■ EXERCISE GOAL: Print the listing as it stands, omitting all images.

■ SUPPLIED DATA:
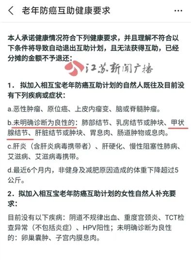 孫先生說,自己事後查詢了“相互寶”的健康要求,上面的確寫了未明確診斷為良性的甲狀腺結節不可以加入老年防癌互助計劃;但當初是線上購買,無人對母親的資料進行詳細審核,自己也不知道有此條款,直到此次母親病發後,“相互寶”調查員調查了母親的體檢記錄後,自己才知道母親2016年體檢時曾被查出甲狀腺結節。
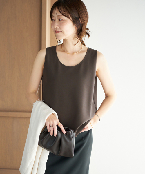 上品な肌見せを叶える、ミニマルなタンクトップ。 張りのあるダンボール素材を使用し、一枚で映えるアイテムに仕上げました。 厚みのある生地を活かし、接着タイプの縫い代にすることでステッチのないミニマルなデザインに。 Iラインシルエットとヒップが隠れる丈感で、抜け感のあるバランスを演出。 透け感のあるボトムとも相性が良く、夏のスタイリングにも取り入れやすい一枚。 Satin Bias Relax パンツと合わせた、ベージュやグレーの洗練されたワントーンコーデもおすすめ。 ********************* 透け感:なし 裏地:なし 伸縮性:ややあり 光沢感:なし 生地の厚さ:普通 ********************** ※取り扱いについては、商品についている品質表示でご確認ください。 ※ 店頭及び屋内外での撮影画像は、光の当たり具合で色味が違って見える場合があります。 商品の色味は、商品アップ画像をご参照ください。 また、お客様のお使いのPCのモニター環境などにより色味が違って見える場合があります。 予めご了承の上ご注文ください。 本体:手洗い可能
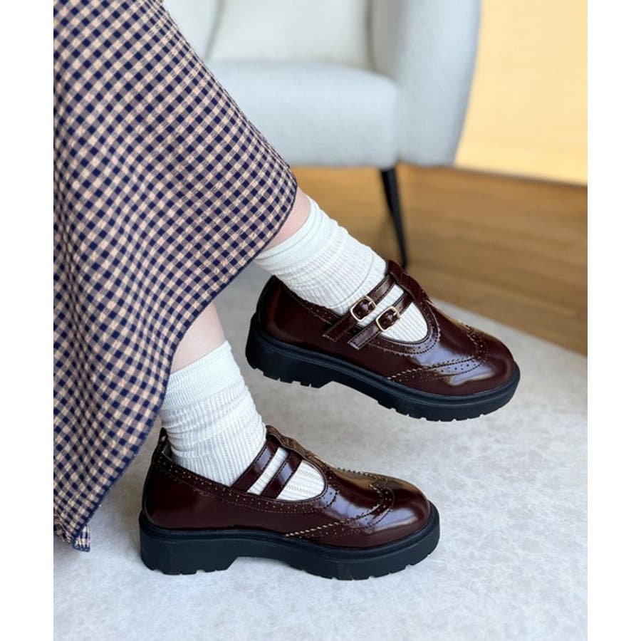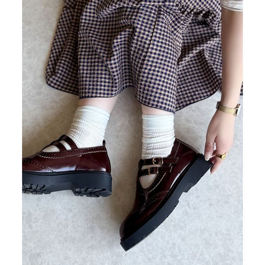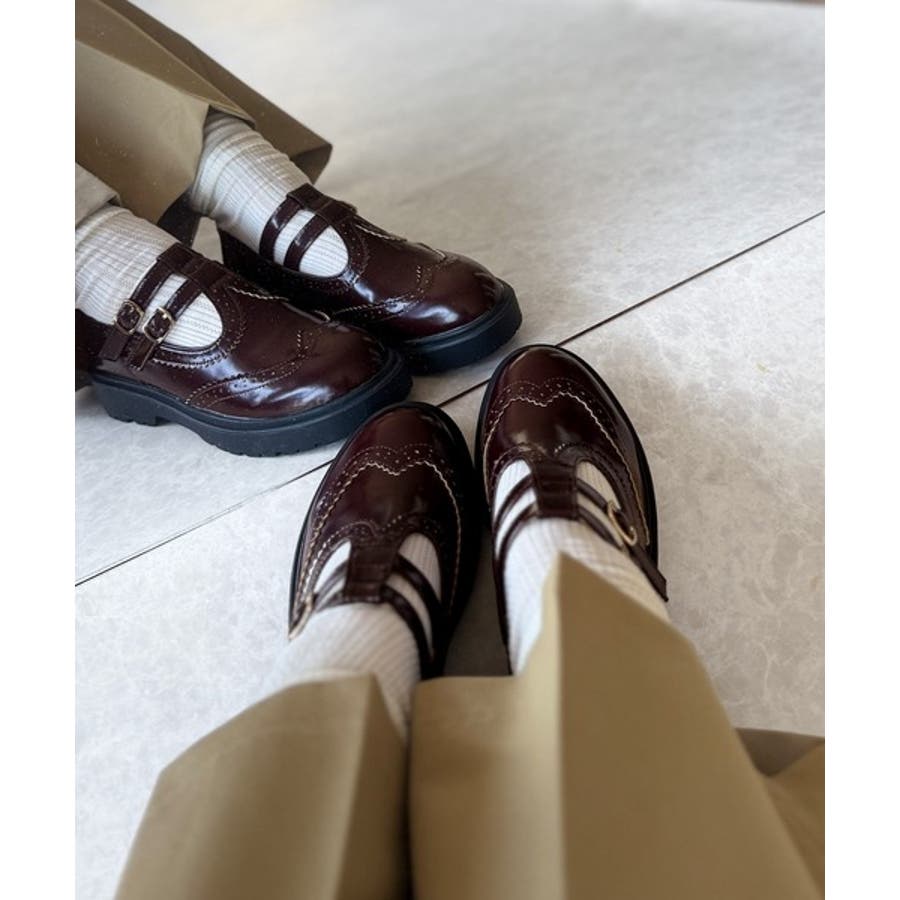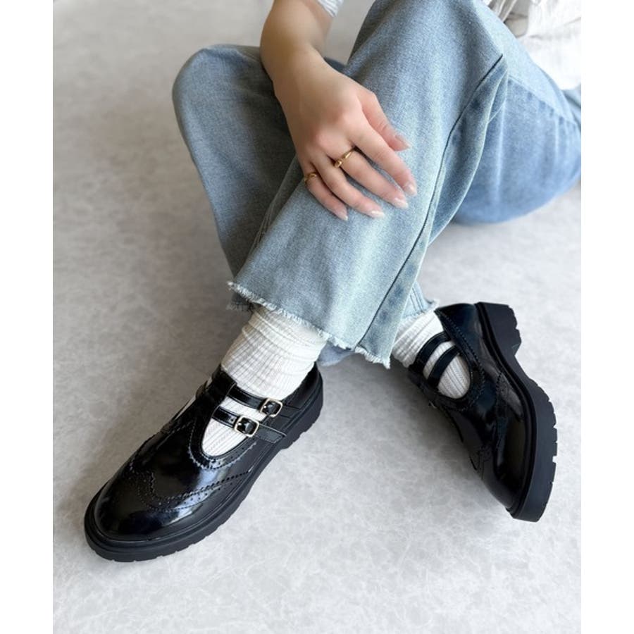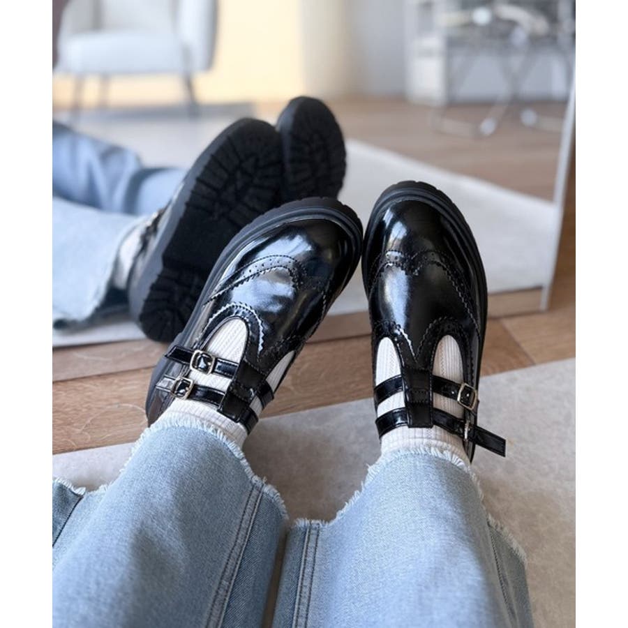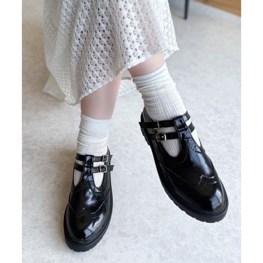 マニッシュなウイングチップと穴飾りに、Tストラップがほどよい抜け感をプラス◎

■ PROBLEM SOLUTION:
 孫先生說,自己事後查詢了“相互寶”的健康要求,上面的確寫了未明確診斷為良性的甲狀腺結節不可以加入老年防癌互助計劃;但當初是線上購買,無人對母親的資料進行詳細審核,自己也不知道有此條款,直到此次母親病發後,“相互寶”調查員調查了母親的體檢記錄後,自己才知道母親2016年體檢時曾被查出甲狀腺結節。
 上品な肌見せを叶える、ミニマルなタンクトップ。 張りのあるダンボール素材を使用し、一枚で映えるアイテムに仕上げました。 厚みのある生地を活かし、接着タイプの縫い代にすることでステッチのないミニマルなデザインに。 Iラインシルエットとヒップが隠れる丈感で、抜け感のあるバランスを演出。 透け感のあるボトムとも相性が良く、夏のスタイリングにも取り入れやすい一枚。 Satin Bias Relax パンツと合わせた、ベージュやグレーの洗練されたワントーンコーデもおすすめ。 ********************* 透け感:なし 裏地:なし 伸縮性:ややあり 光沢感:なし 生地の厚さ:普通 ********************** ※取り扱いについては、商品についている品質表示でご確認ください。 ※ 店頭及び屋内外での撮影画像は、光の当たり具合で色味が違って見える場合があります。 商品の色味は、商品アップ画像をご参照ください。 また、お客様のお使いのPCのモニター環境などにより色味が違って見える場合があります。 予めご了承の上ご注文ください。 本体:手洗い可能
 マニッシュなウイングチップと穴飾りに、Tストラップがほどよい抜け感をプラス◎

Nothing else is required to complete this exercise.